Zwischen Neckar und Alb

Äpfel schälen kann Spaß machen

Streuobst Das „Moschtfescht“ im Freilichtmuseum lockte viele Besucher nach Beuren. Trotz Frost gab es über hundert Apfelsorten zu bestaunen. Von Thomas Krytzner

Hier ist Teamwork gefragt: Die kleinen Besucher konnten im Freilichtmuseum auch selbst Hand anlegen und mit einer Presse die Äpf
Hier ist Teamwork gefragt: Die kleinen Besucher konnten im Freilichtmuseum auch selbst Hand anlegen und mit einer Presse die Äpfel in kleine Stückchen verarbeiten.Foto: Thomas Krytzner

Laut waren die Klagen der Obst- und Gartenbauer in diesem Jahr. Der Frost hatte praktisch die ganze Ernte vernichtet. Viele verglichen beim „Moschtfescht“ im Freilichtmuseum Beuren die diesjährige Ernte mit der aus dem vergangenen Jahr: „2016 hatten wir drei Tonnen Äpfel zum Auflesen, in diesem Jahr waren es drei Stück“, bedauerte ein Streuobstwiesenbesitzer. Nicht ganz so schlimm hatte es Heinz Scharpf aus Aichwald-Lobenrot getroffen. Er stellte im Schafstall rund hundert verschiedene Apfelsorten aus. „Statt wie üblich um die 17 Tonnen, hatten wir in diesem Jahr nur fünf Tonnen bei der Ernte“, erklärte der Obstbauer. Er ist aber froh, wenigstens einen Teilerfolg zu verbuchen und erklärt, warum: „Wir haben die Bäume praktisch rund um die Uhr gepflegt.“

Trotz wolkenverhangenen Himmels zog das „Moschtfescht“ die Besucher nach Beuren. Für die Kinder war das Fest im Freilichtmuseum ein Paradies. Überall konnten sie kosten und viele Arbeiten rund um die Mosterei gleich selbst ausprobieren. Im Zentrum des Museums standen verschiedene Apfelpressen, bei der einen musste gekurbelt werden, und bei der anderen war viel Kraft gefragt. Das Produkt war am Schluss das gleiche: Apfelmost.
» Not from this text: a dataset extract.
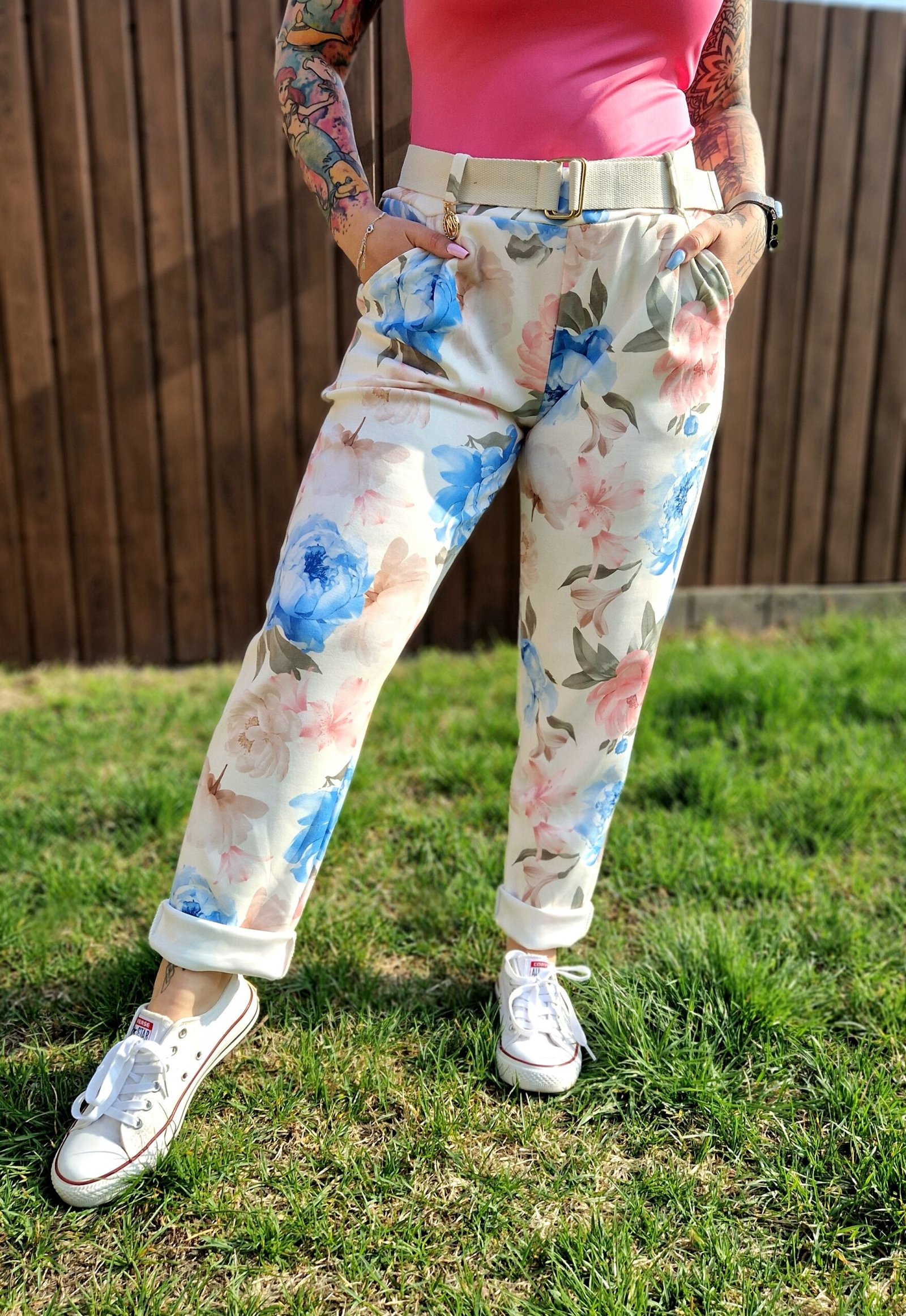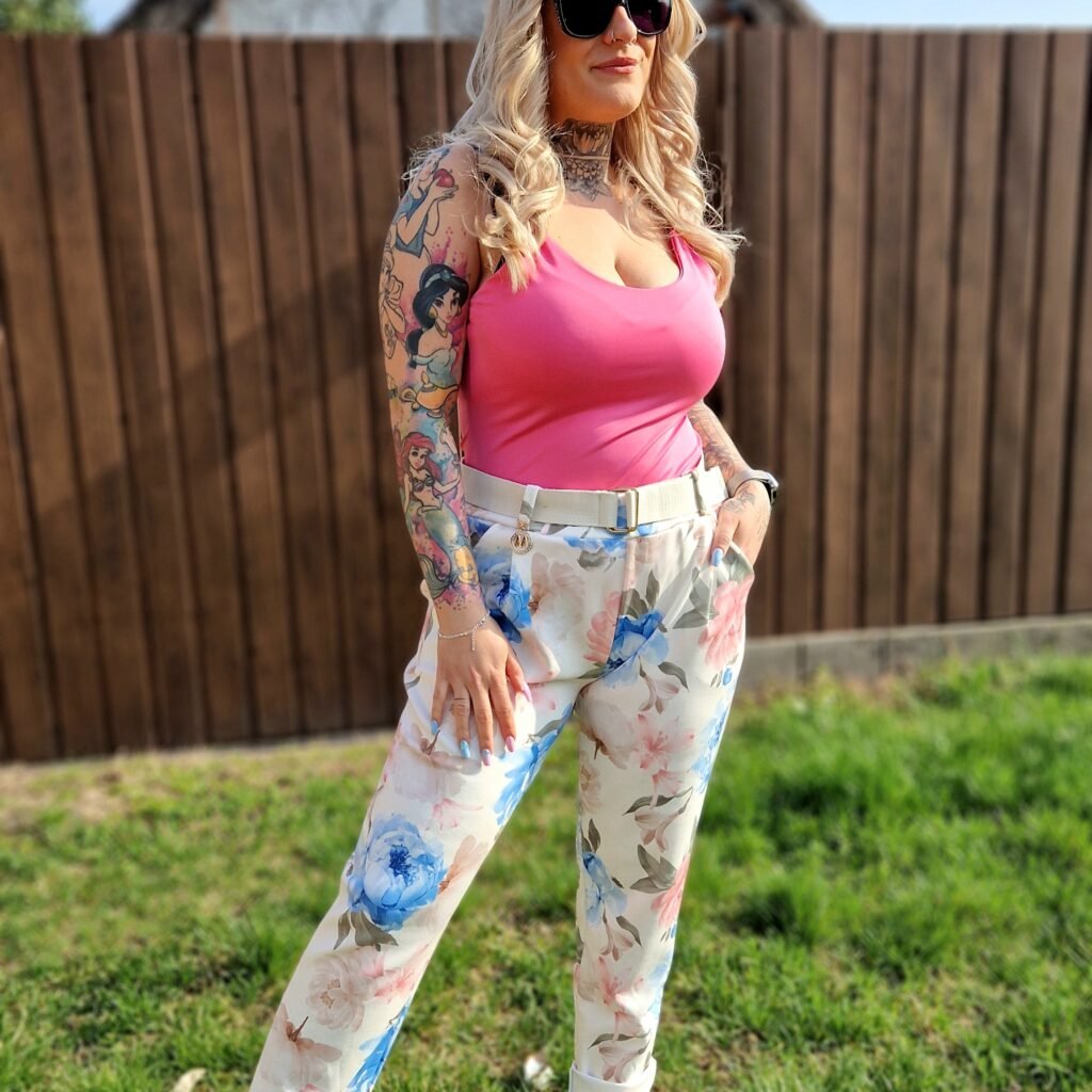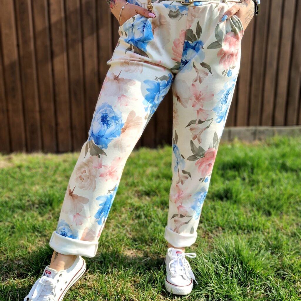 A Flóra virágmintás nadrág igazán friss és nőies darab, ami tökéletes választás a tavaszi–nyári időszakra. A bézs alapon kék és rózsaszín virágminta romantikus és vidám hangulatot ad, miközben könnyen kombinálható más darabokkal is.

Wer hat die längste Apfelschale?

An einer anderen Station übten die Besucher den Umgang mit den Schälmessern und schälten einen Apfel nach dem anderen. Schließlich ging es ja dabei auch um einen Gewinn. Wer nämlich das längste zusammenhängende Stück Apfelschale hatte, konnte zum Beispiel einen freien Eintritt ins Museum gewinnen. Da war es kein Wunder, dass jedes Kind mit Ehrgeiz dabei war - und von d en Eltern lobend motiviert wurde.

Wer keine Lust auf die eigene Entdeckungsreise durchs Freilichtmuseum hatte, schloss sich einer der verschiedenen Führungen an und bekam dadurch viele interessante Informationen über die Obstsorten und deren Anbau. Aber auch Mäh- und Schnittkurse lockten viele Besucher. Außerdem hielt Dr. Thomas Diehl vom Regierungspräsidium Stuttgart einen Vortrag über Blattläuse und veranschaulichte deren gefährliches Leben im Apfelbaum.

Wer sich lieber kulinarisch vergnügen wollte, konnte dem Förderverein des Freilichtmuseums beim Apfelmuseinkochen zuschauen und helfen. Wem das zu einfach war, besuchte Albrecht Haiplik im Alb-Dorf des Museums. Der Vertreter des Landratsamtes in Esslingen lud zum Krauthobeln und Einstampfen ein. Das „Moschtfescht“ bot für Jung und Alt ein gelungenes und vielseitiges Programm, und viele Kinder werden am Montag in den Schulen einiges über Äpfel erzählen können.